Your objective – Everything in the listing below must be set down again exactly, apart from the pictures.

Provided material –
----

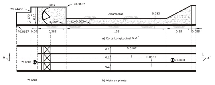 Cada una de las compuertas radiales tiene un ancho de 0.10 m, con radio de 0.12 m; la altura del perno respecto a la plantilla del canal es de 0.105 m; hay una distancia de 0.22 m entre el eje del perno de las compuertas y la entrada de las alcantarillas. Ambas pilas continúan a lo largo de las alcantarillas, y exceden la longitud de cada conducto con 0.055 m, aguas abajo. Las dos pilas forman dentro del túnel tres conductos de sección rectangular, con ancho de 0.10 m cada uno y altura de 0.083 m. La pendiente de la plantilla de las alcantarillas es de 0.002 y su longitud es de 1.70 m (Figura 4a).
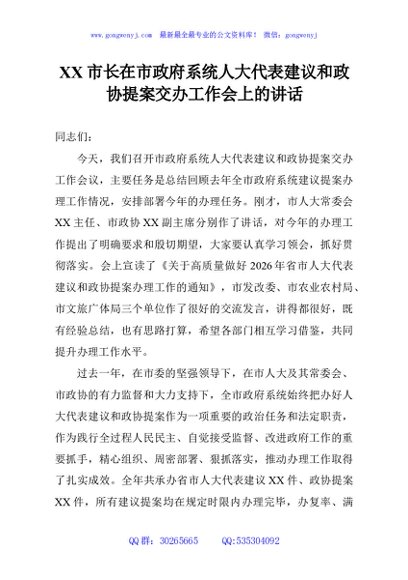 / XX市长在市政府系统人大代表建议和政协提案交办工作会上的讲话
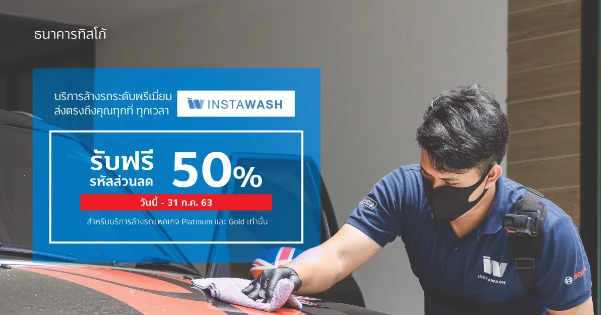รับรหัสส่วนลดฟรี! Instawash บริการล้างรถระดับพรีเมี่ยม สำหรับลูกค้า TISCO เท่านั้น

----

Exercise response –
 Cada una de las compuertas radiales tiene un ancho de 0.10 m, con radio de 0.12 m; la altura del perno respecto a la plantilla del canal es de 0.105 m; hay una distancia de 0.22 m entre el eje del perno de las compuertas y la entrada de las alcantarillas. Ambas pilas continúan a lo largo de las alcantarillas, y exceden la longitud de cada conducto con 0.055 m, aguas abajo. Las dos pilas forman dentro del túnel tres conductos de sección rectangular, con ancho de 0.10 m cada uno y altura de 0.083 m. La pendiente de la plantilla de las alcantarillas es de 0.002 y su longitud es de 1.70 m (Figura 4a).
 / XX市长在市政府系统人大代表建议和政协提案交办工作会上的讲话
รับรหัสส่วนลดฟรี! Instawash บริการล้างรถระดับพรีเมี่ยม สำหรับลูกค้า TISCO เท่านั้น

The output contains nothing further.